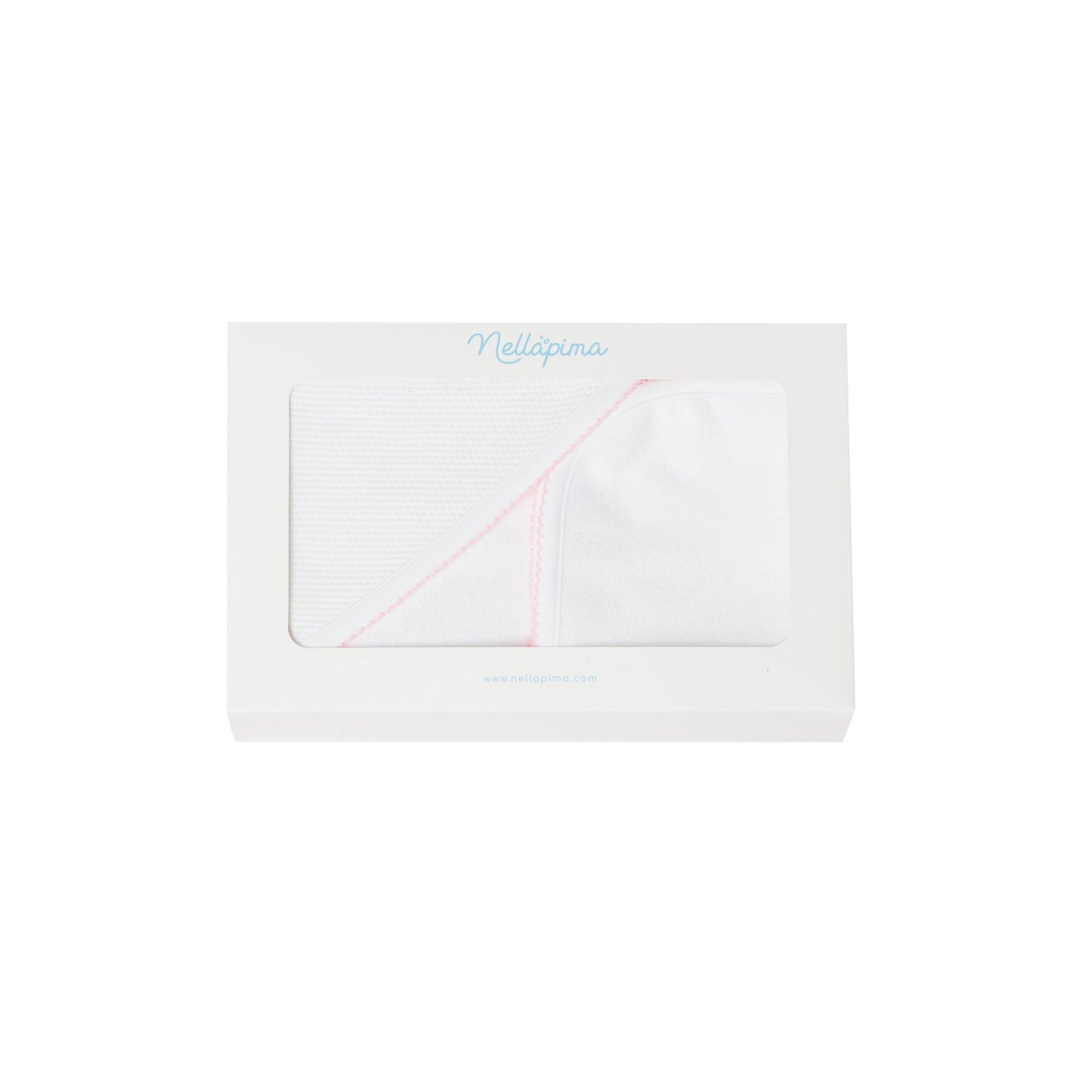 Crafted from premium 100% Peruvian cotton, this set features a pima cotton applique hood made of exquisite White Bubble fabric, and adorned with Picot Trim details in either Pink or Blue, adding a touch of elegance to bath time.
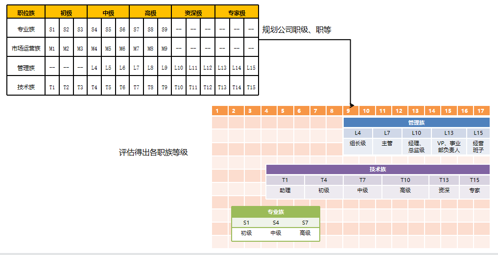 选择方法:可选的方法有:(1)排序法、(2)职位归类法、(3)评分法、(4)穿插法;常用的方法(1)先用评分法评估典型职位、(2)再用穿插法将其他职位归入职级表。
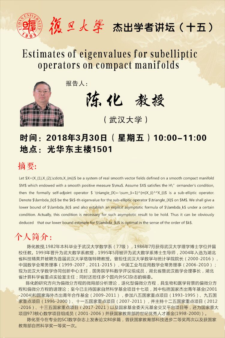 个人简介: 陈化教授,1982年本科毕业于武汉大学数学系(77级),1986年7月获得武汉大学理学博士学位并留校任教。1993年晋升为武大数学系教授,1995年5月被评为武大数学系博士生导师,2004年入选为湖北省科技精英并被聘为首届武汉大学珞珈特聘教授。曾担任武汉大学数学与统计学院院长(2000-2016),中国数学会常务理事(1999-2007,2011-2015),中国工业与应用数学会常务理事(2006-2010);现为武汉大学数学协同创新中心主任,国务院学科数学评议组成员,湖北省暨武汉数学会理事长,湖北省计算科学省重点实验室主任;同时还担任多个国内外SCI杂志的编委。
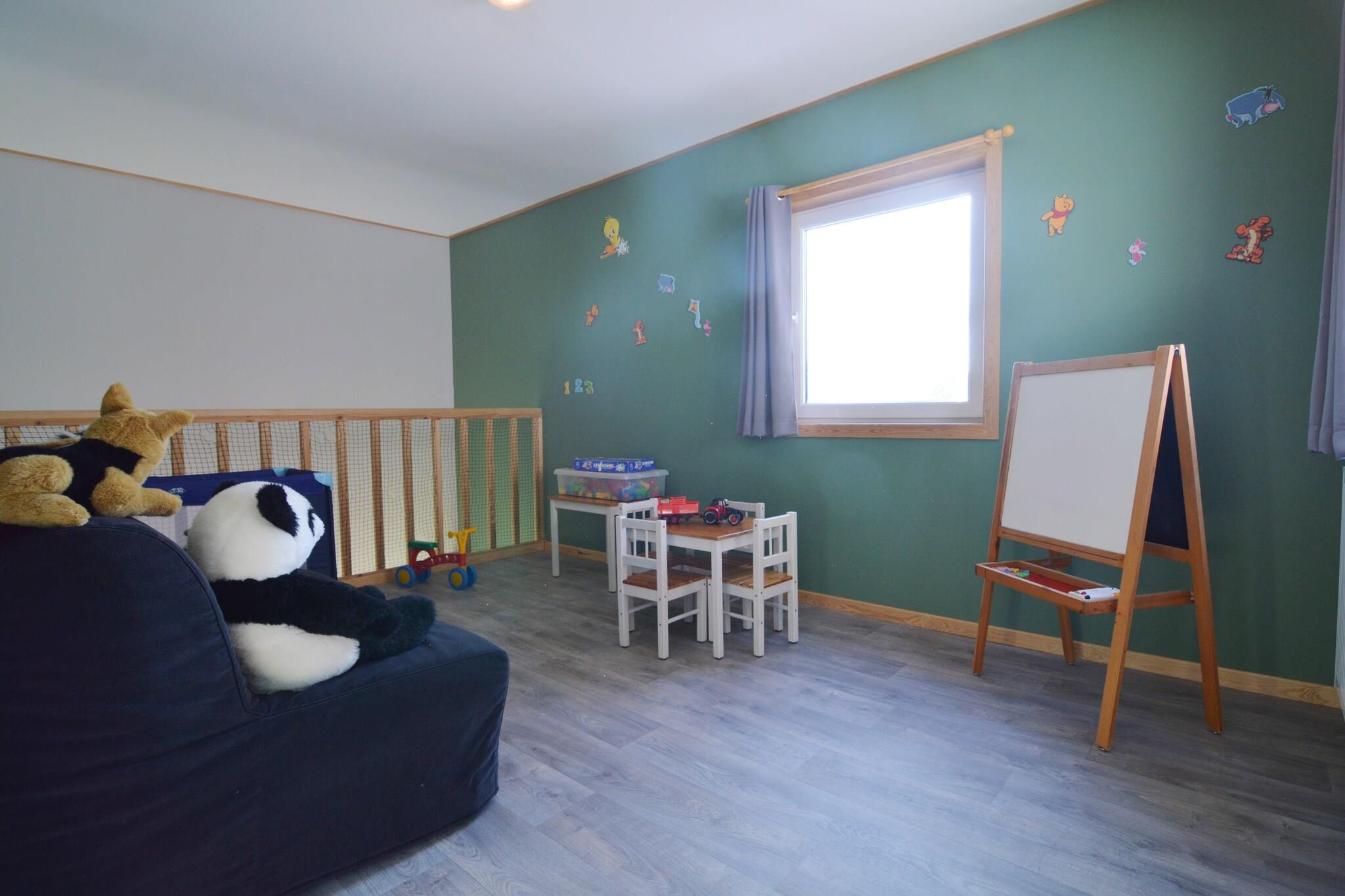 Bottenvåningen: (Hall(toalett ), öppet kök(spis(Spis med 4 kokplattor, elektrisk), 2x kaffebryggare(kaffetratt, kaffekapslar), ugn, mikrovågsugn, diskmaskin, kylskåp, frys), ardags- och matrum(TV, matbord, radio, CD-spelare), tvättstuga, relaxavdelning(Bubble bath, bastu)) På våning 1: (Bedroom with bathroom(2x enkelsäng(90 x 200 cm), dubbelsäng(90 x 200 cm), dusch, handfat), Bedroom with bathroom(2x enkelsäng(90 x 200 cm), dusch, handfat), Bedroom with bathroom(2x enkelsäng(90 x 200 cm), dusch, handfat), WC, aktivitetsrum) carport, terrass(40 m2), trädgård(300 m2), trädgårdsmöbler, grill, parkering, boule, lekplats, rutschkana, spjälsäng, barnstol

### ABOUT THIS EXERCISE
The response has to be an exact copy of all the data, pictures excluded.

### RESULT OF THE TASK
 Crafted from premium 100% Peruvian cotton, this set features a pima cotton applique hood made of exquisite White Bubble fabric, and adorned with Picot Trim details in either Pink or Blue, adding a touch of elegance to bath time.
 选择方法:可选的方法有:(1)排序法、(2)职位归类法、(3)评分法、(4)穿插法;常用的方法(1)先用评分法评估典型职位、(2)再用穿插法将其他职位归入职级表。
 个人简介: 陈化教授,1982年本科毕业于武汉大学数学系(77级),1986年7月获得武汉大学理学博士学位并留校任教。1993年晋升为武大数学系教授,1995年5月被评为武大数学系博士生导师,2004年入选为湖北省科技精英并被聘为首届武汉大学珞珈特聘教授。曾担任武汉大学数学与统计学院院长(2000-2016),中国数学会常务理事(1999-2007,2011-2015),中国工业与应用数学会常务理事(2006-2010);现为武汉大学数学协同创新中心主任,国务院学科数学评议组成员,湖北省暨武汉数学会理事长,湖北省计算科学省重点实验室主任;同时还担任多个国内外SCI杂志的编委。
 Bottenvåningen: (Hall(toalett ), öppet kök(spis(Spis med 4 kokplattor, elektrisk), 2x kaffebryggare(kaffetratt, kaffekapslar), ugn, mikrovågsugn, diskmaskin, kylskåp, frys), ardags- och matrum(TV, matbord, radio, CD-spelare), tvättstuga, relaxavdelning(Bubble bath, bastu)) På våning 1: (Bedroom with bathroom(2x enkelsäng(90 x 200 cm), dubbelsäng(90 x 200 cm), dusch, handfat), Bedroom with bathroom(2x enkelsäng(90 x 200 cm), dusch, handfat), Bedroom with bathroom(2x enkelsäng(90 x 200 cm), dusch, handfat), WC, aktivitetsrum) carport, terrass(40 m2), trädgård(300 m2), trädgårdsmöbler, grill, parkering, boule, lekplats, rutschkana, spjälsäng, barnstol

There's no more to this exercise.